You can then insert them into your shell script.

This command sequence looks a little peculiar, but you need to examine it closely to understand what it is doing. First, it creates the line echo Extracting File from Shell Archive. Next it adds the line cat > dickens << 'TheEnd' to the file. This is the command that is going to create the file dickens when the extraction is done. It will cause data following this line to be read until the line TheEnd is encountered. Then you actually use cat to add the file to the archive, followed by the end marker you selected, 'TheEnd'.

To make this script general-purpose, you should replace the specified filename with an argument.

echo "echo Extracting File from Shell Archive"

echo "cat > $1 << TheEnd"

cat $1

echo TheEnd

You can then use this script like this to create a shar archive from any file.
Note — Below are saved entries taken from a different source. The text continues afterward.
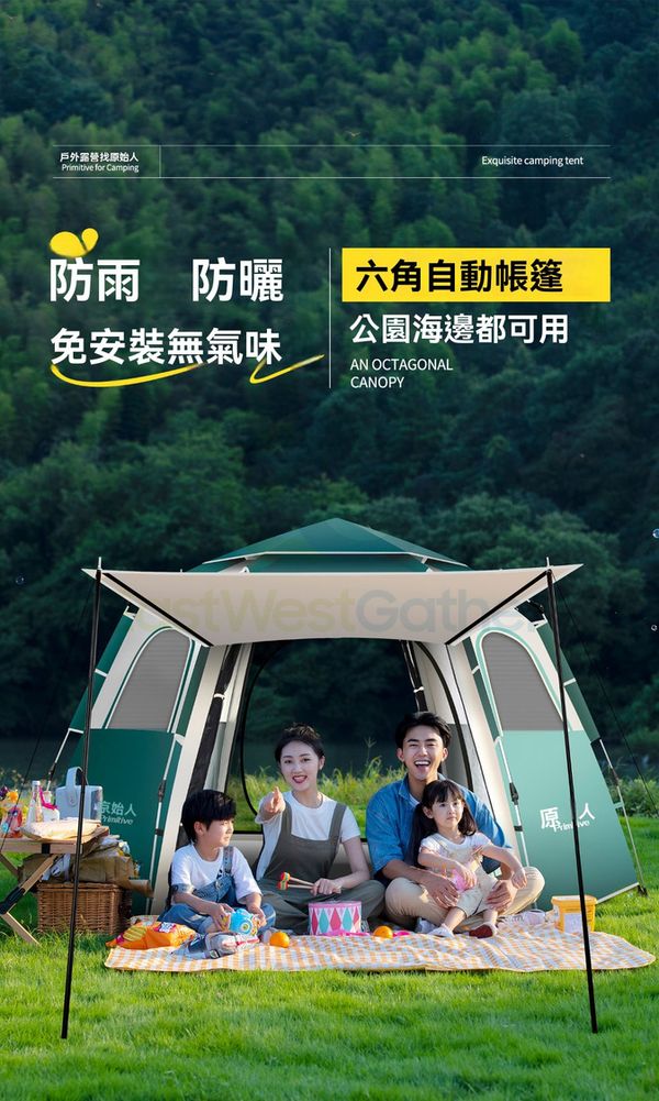 原始人露營帳篷戶外折疊可攜式野營過夜防雨加厚裝備全套自動速開
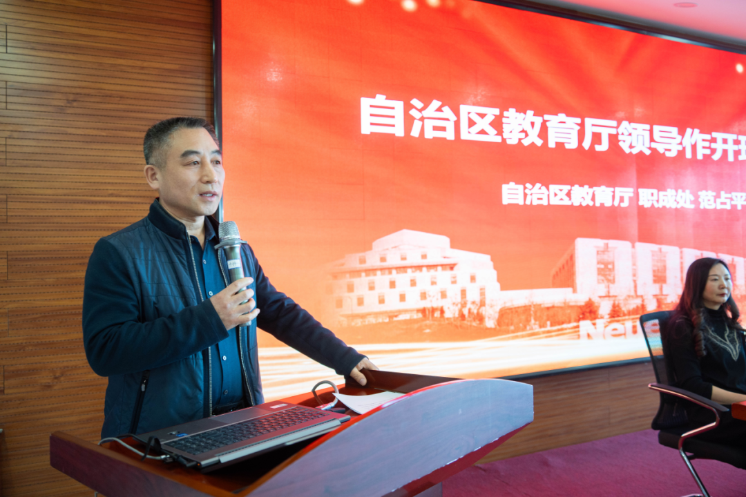 宁夏回族自治区教育厅职成处二级调研员范占平为大家做动员讲话。范处长就本次培训班的目的、意义做了动员,也对参训教师提出了具体的要求,希望大家相互督促、相互成就、共同进步。
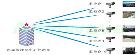 該系統(tǒng)主要由三部分組成,前端視頻、語(yǔ)音、數(shù)據(jù)等采集系統(tǒng),無線網(wǎng)絡(luò)傳輸系統(tǒng),水庫(kù)管理中心控制系統(tǒng)。前端的多路視頻、數(shù)據(jù)及IP電話等都先通過交換機(jī)進(jìn)行匯聚,然后進(jìn)入艾克賽爾(Axelwave)的無線網(wǎng)橋進(jìn)行無線傳輸,所有前端點(diǎn)都采用太陽(yáng)能供電系統(tǒng)供電,在陰雨條件下可以支持連續(xù)工作72小時(shí)以上。中心水庫(kù)管理控制室與前端組成點(diǎn)對(duì)多點(diǎn)的無線傳輸鏈路,將前端的所有信息匯總至控制室。控制中心可以實(shí)時(shí)監(jiān)控各前端點(diǎn)的視頻圖像,如水庫(kù)水位情況,閘門、大壩的工作狀態(tài),水面及岸邊情況等等,另外還能觀察到前端發(fā)回各種的實(shí)時(shí)數(shù)據(jù)信息,如水庫(kù)水質(zhì)變化、水庫(kù)天氣變化等,真正做到對(duì)水庫(kù)各重點(diǎn)區(qū)域的全天候、多角度、全方位的實(shí)時(shí)監(jiān)控,做到有效應(yīng)對(duì)各種突發(fā)事件,確保了水庫(kù)各方面的安全運(yùn)行。
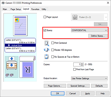 - В зависимости от условий эксплуатации использование функции Штамп (Stamp) может быть недоступно. В этом случае задайте для параметра Буферизация на драйвере принтера (Spooling at Printer Driver) в диалоговом окне Специальные настройки (Special Settings) значение Да (Yes).
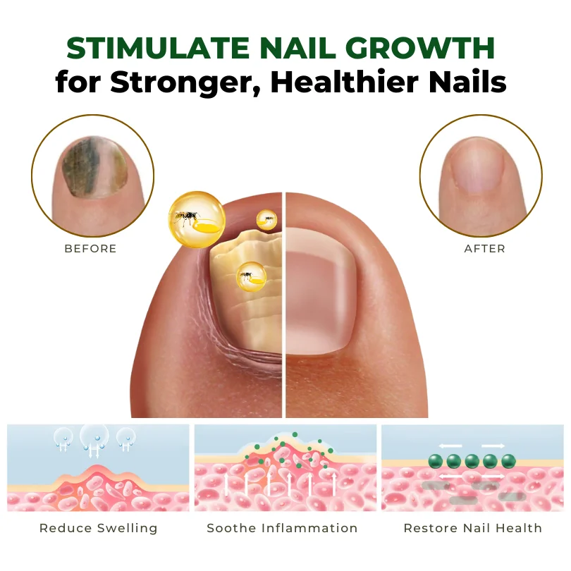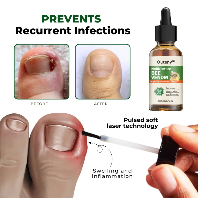Outeny™ NailNurture Bee Venom Fungus Treatment Oil effectively treats common nail conditions, including fungal infections, paronychia, and ingrown toenails, promoting healing and reducing pain. It also helps restore nail discoloration and strengthens brittle nails, encouraging healthier, stronger nails while improving their natural appearance.

Make sure that your script is executable and redirect its output to the file that you will share.

mk_shar dickens > dickens.shar

So, here's what the archive, dickens.shar, will look like when you're done:

echo Extracting File from Shell Archive

cat > dickens << 'TheEnd'

"Buried how long?"

The answer was always the same: "Almost eighteen years."

"You had abandoned all hope of being dug out?"

"Long ago."

"You know that you are recalled to life?"

"They tell me so."

"I hope that you care to live?"

"I can't say."

Charles Dickens, A Tale of Two Cities

TheEnd

When you extract this file, you will get a file dickens.

boson% sh dickens.shar

Notice that you can include multiple files in the same shar archive by using the append operator, >>.
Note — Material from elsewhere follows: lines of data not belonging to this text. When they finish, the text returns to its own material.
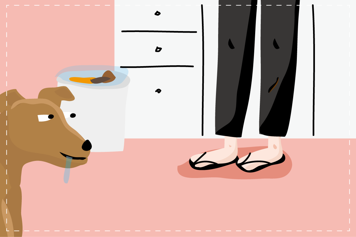 (3) 如果你在廚房裡,狗聽見你打開食品包裝,狗會怎麼做?
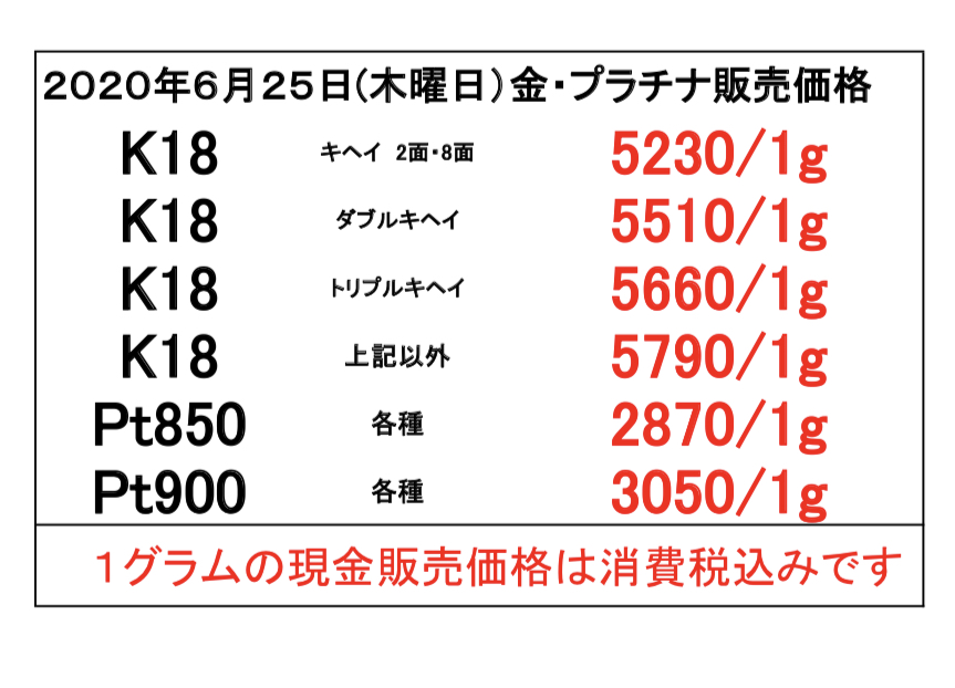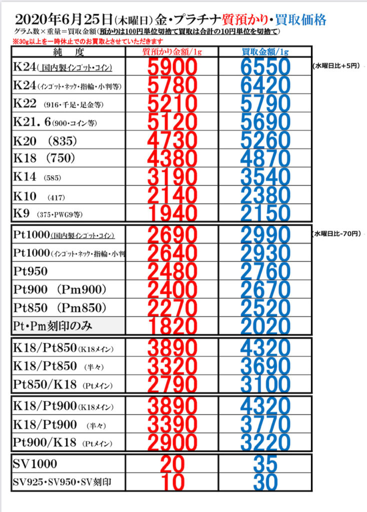 2020年6月25日(木曜日) 本日の金・プラチナのお取引価格一覧です ・当日の営業時間内においても相場変動に伴い当店買取価格も変更いたします その際は店頭掲示の価格を優先させていただきます ・海外製の100g以上のインゴットは買取できません ・30g超の高価格買取は一時休止中です
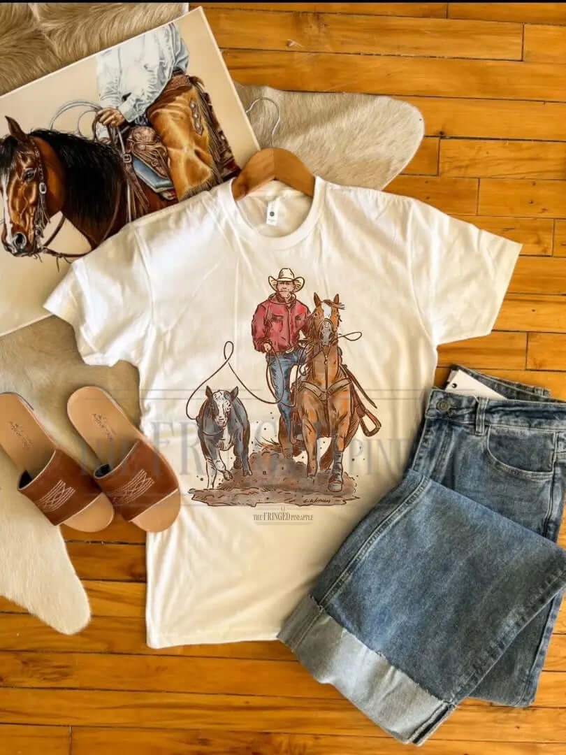 Embrace the true spirit of rodeo with this Calf Roping Graphic Tee, designed for those who love the action and energy of western sports. Featuring a round crew neck and a unisex fitted style, this tee is comfortable and versatile for both men and women. The earthy tones evoke the feeling of being right arena-side, capturing the excitement of calf roping in a stylish and casual way. Perfect for rodeo fans, western wear lovers, or anyone looking to add a touch of cowboy-inspired fashion to their everyday wardrobe.

mk_shar dickens2 >> dickens.shar

Clearly, you can string together multiple files in this way, creating a very useful archiving method since you can group together related files in a text-only format that clearly remembers the filenames and marks their beginnings and endings. Shell archives can also be read on just about any UNIX system. It would be surprising if you found any UNIX system without the Bourne shell.

Shar files, obviously, do not save any space. Since you have the original files plus some overhead for packing them in the simple structure of extract commands, text, and end-of-file markers, the resultant archive is somewhat larger than the original files. Generally, the extra length is considerably less than the extra space taken by using uuencode.
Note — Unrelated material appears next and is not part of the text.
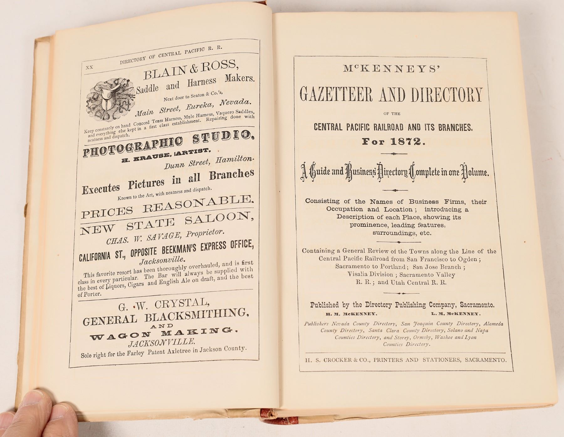 McKenney's Gazetteer and Directory of the Central Pacific Railroad and its branches for 1872: A guide and business directory complete in one volume. Consisting of the names of business firms, their occupation and location; introducing a description of each place, showing its prominence, leading features, surroundings, etc. 1872. McKenney, L.M., compiler. Sacramento, Directory Publishing Company. xxxviii, 703 pp. Numerous advertisements, most included in the pagination including those at front and rear; 4-page insert for Heald's Business College; engraved plate of the Sacramento Seminary. 8.5x5.5, original leather-backed printed boards, spine lettered in gilt. Very uncommon directory covering the western portion of the areas served by the recently completed transcontinental railroad, with "Business directories of Central Pacific Railroad cities and towns in California, Nevada, Oregon and Utah; business directory of San Francisco; classified business directory in all four states." Quebedeaux further notes that there are descriptions of the cities and towns on the Central Pacific Railroad line and its branches and calls it the "First major California railroad directory; first Central Pacific directory of its portion of the transcontinental line." Provenance: Descended in the family of Nevada City dentist, and orchardist, A. Chapman, whose full-page advertisement appears on p.39. Quebedeaux 139 locates 5 copies in institutional libraries, and OCLC located 4 copies, 3 of them different. Just light shelf wear; a few pages with offsetting from ferns that had been pressed, still fine and fresh. A very fine copy. California Franklin Collection
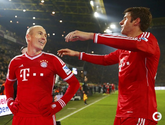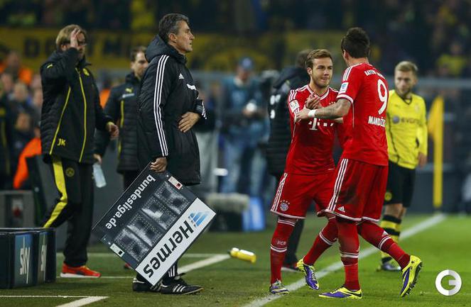 "Бавария" в гостевом матче 13-го тура чемпионата Германии разгромила дортмундскую "Боруссию" со счетом 3:0. Отметим, что все голы баварцы забили во втором тайме, с 66-й по 87-ю минуты. Голы на счету Марио Гетце, для которого это была первая встреча со своей бывшей командой, Арьена Роббена и Томаса Мюллера. Фото AFP, REUTERS

Shar files are nice because it is obvious what you're getting. You can easily examine them before extracting from them to be sure that this is what you want. You can check out the filenames and look for extraneous commands that you might not want to execute. Keep in mind that "stray" commands included in an archive when you extract from it will also be executed, provided that they are not within the beginning and end markers of a here document.

In any case, you should always examine shar files before extracting them, even if they're from someone you trust (that person may have gotten them from somewhere else). The following simple awk script could be used to quickly scan through a shell archive, looking for commands that are extraneous and possibly sinister. It looks for the beginning and the end of each here document and prints anything not enclosed within these documents. If used against the dickens.shar file presented in this chapter, it would print the string echo Extracting File from Shell Archive.

NOTE: Note that this particular awk script expects the filenames of the extracted files to contain only alphabetic and numeric characters. You can expand this expression if necessary.

#

BEGIN {OK = "OFF"}

$0 ~ /^cat > [A-Za-z0-9]+ <</ { OK = "ON";TERMINATOR = $5 }

{

if (OK == "OFF")

     print $0

if ($0 == TERMINATOR) {

     OK = "OFF"

}

}

Summary

The commands that UNIX provides for archiving your files allow you to recover from disastrous mistakes, as well as conveniently share files with strangers who will not need to know anything about your systems (except how to access them) to make use of them.

Almost no one archives files too often. Regular use of the commands described in this chapter will help you manage your systems.